**Problem statement:** Locate the line containing "Le sweat-shirt Basic" in the material below. Copy that line and all following lines through the end exactly, omitting any pictures.

**Dataset extract:**

######

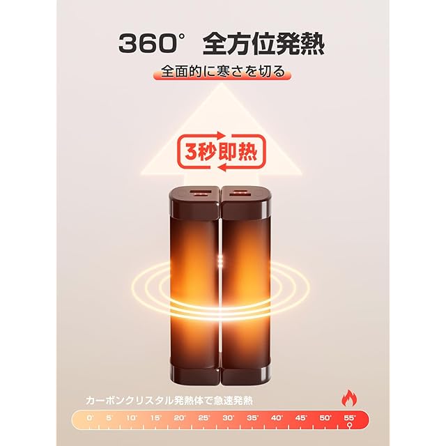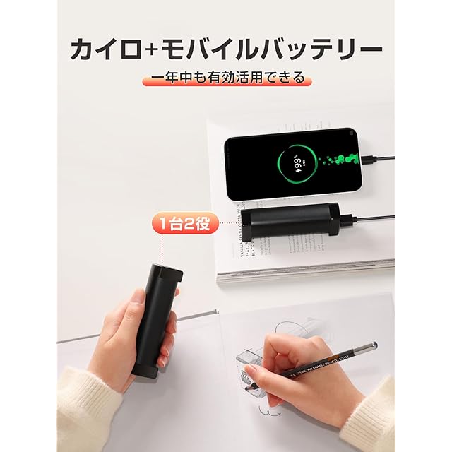 √【40~55℃の3段階温度調節】通勤・通学時には高めの55℃、デスクワーク中は低めの45℃に設定するなど、シーンに合わせて最適な温度で快適に暖まれます。冬の旅行にもぴったりで、ホテルから観光先まで、状況に応じて温度を調整できて便利です。 √【急速発熱】熱伝導性に優れた素材を使用し、電源を入れるとすぐに暖かさを感じられるので、寒い季節でも待つことなく快適です。 √【恒温発熱】最新のMCUチップとサーモスタットを搭載し、急速発熱と同時に恒温機能も備えています。一定の温度を維持し、過度な温度変化を防ぐため、安全に使用できます。 √【360°全方位発熱】他社製品の両面発熱とは異なり、電気カイロは円筒型の設計により、360°全方向に均一に発熱し、冬の寒さをしっかりとカバーします。 √【モバイルバッテリー機能】カイロとしてだけでなく、10,000mAhの大容量バッテリーとしてiPhoneやワイヤレスイヤホンなど2台同時に充電可能な便利な1台2役です。 √【持ち運び便利】1個あたりわずか119gと軽量で、女性やお子様にもストレスなく握りやすく、ポケットに入れて簡単に持ち運べます。 √【エコ&節約】繰り返し使える充電式カイロで、使い捨てゴミを出さず環境にも優しく、経済的です。 √【万全の保護機能】過充電保護・過熱保護・短絡保護・漏電防止・爆発防止といった安全機能が充実し、PSE認証も取得済みです。 √【ギフトにも最適】高級感のある9色の中から選べるシンプルでおしゃれなデザインは、ギフトやプレゼントにも最適です。
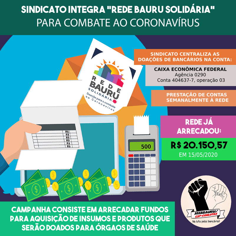O Sindicato dos Bancários de Bauru e Região faz parte da campanha “Rede Bauru Solidária”, que consiste em arrecadar fundos para aquisição de insumos e produtos que serão doados para órgãos de saúde no combate à pandemia de coronavírus.
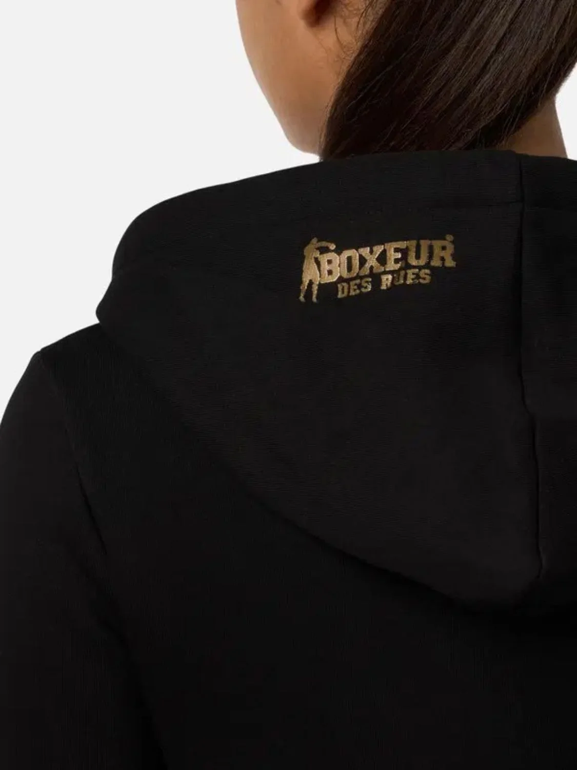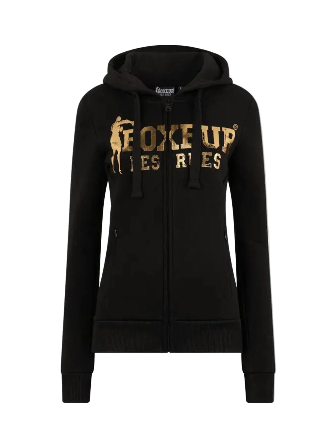 Le sweat-shirt Basic Logo Full Zip en noir et or assure une coupe près du corps grâce à sa coupe slim.
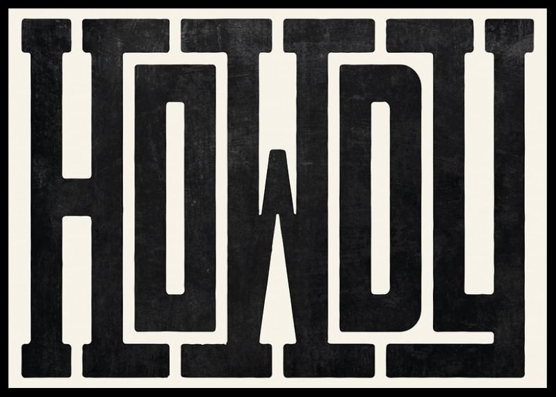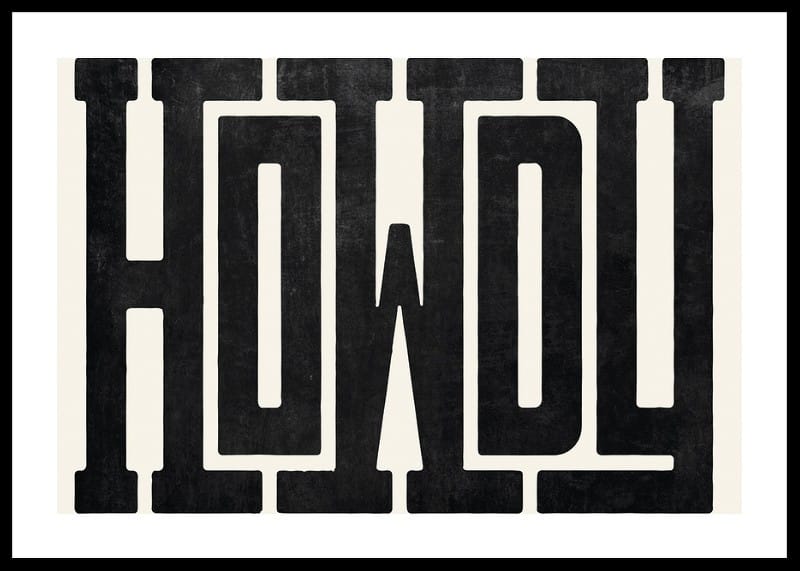 Large, black letters form the word "Howdy" in a robust and distinctly Western-inspired font against a light, sand-colored background. The texture of the letters gives a hand-printed feel that creates visual character. As a poster, the motif becomes a stylish and playful element in both the living room and hallway.

######

**Answer to this task:**
 Le sweat-shirt Basic Logo Full Zip en noir et or assure une coupe près du corps grâce à sa coupe slim.
 Large, black letters form the word "Howdy" in a robust and distinctly Western-inspired font against a light, sand-colored background. The texture of the letters gives a hand-printed feel that creates visual character. As a poster, the motif becomes a stylish and playful element in both the living room and hallway.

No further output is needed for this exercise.